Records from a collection
+++

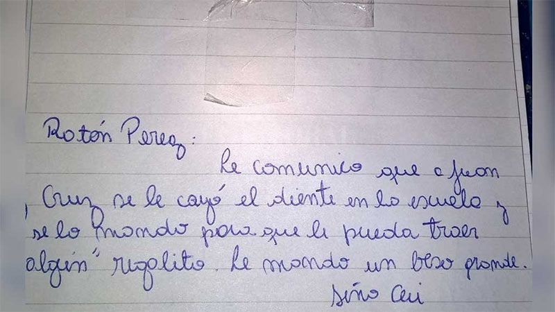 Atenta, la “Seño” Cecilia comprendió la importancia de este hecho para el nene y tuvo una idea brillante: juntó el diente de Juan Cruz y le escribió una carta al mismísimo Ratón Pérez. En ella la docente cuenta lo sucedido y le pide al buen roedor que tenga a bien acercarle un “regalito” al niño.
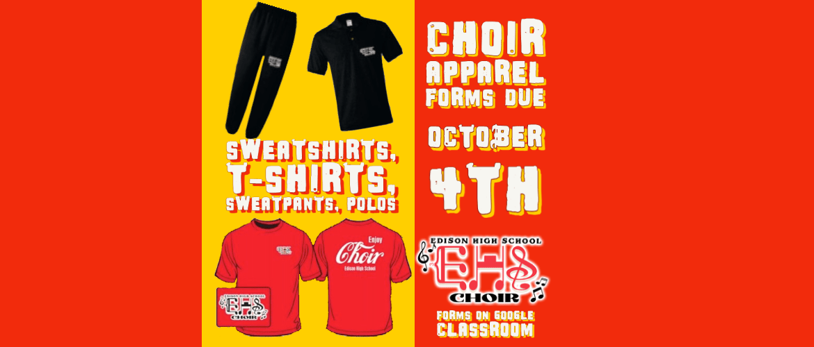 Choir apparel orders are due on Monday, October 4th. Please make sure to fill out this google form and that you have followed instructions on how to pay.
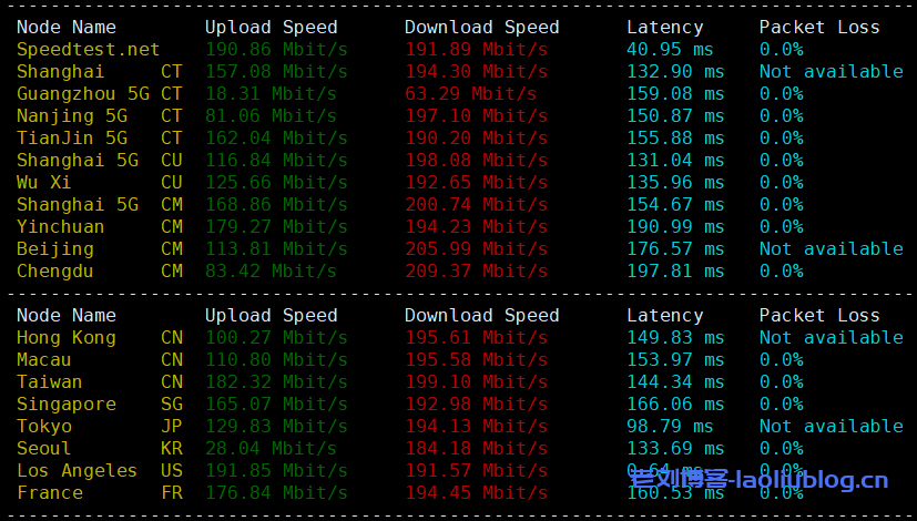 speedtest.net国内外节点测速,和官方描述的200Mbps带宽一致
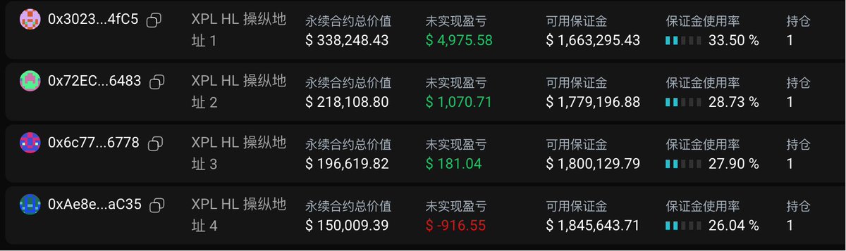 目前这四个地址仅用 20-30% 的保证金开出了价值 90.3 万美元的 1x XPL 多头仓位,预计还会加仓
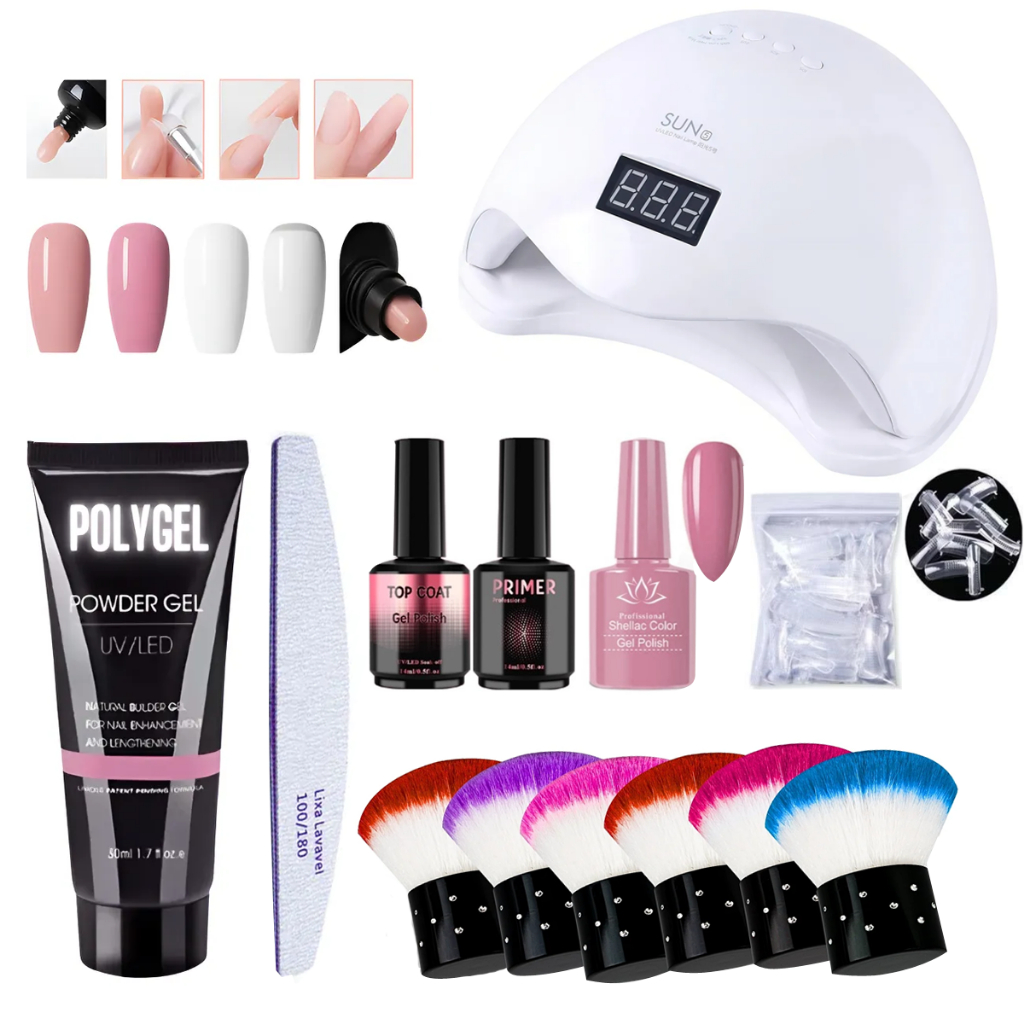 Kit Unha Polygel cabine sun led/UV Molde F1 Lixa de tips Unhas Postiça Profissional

+++

*TASK TO COMPLETE*: Set the entries down exactly, but not the pictures.

*WORKED SOLUTION*:
 Atenta, la “Seño” Cecilia comprendió la importancia de este hecho para el nene y tuvo una idea brillante: juntó el diente de Juan Cruz y le escribió una carta al mismísimo Ratón Pérez. En ella la docente cuenta lo sucedido y le pide al buen roedor que tenga a bien acercarle un “regalito” al niño.
 Choir apparel orders are due on Monday, October 4th. Please make sure to fill out this google form and that you have followed instructions on how to pay.
 speedtest.net国内外节点测速,和官方描述的200Mbps带宽一致
 目前这四个地址仅用 20-30% 的保证金开出了价值 90.3 万美元的 1x XPL 多头仓位,预计还会加仓
 Kit Unha Polygel cabine sun led/UV Molde F1 Lixa de tips Unhas Postiça Profissional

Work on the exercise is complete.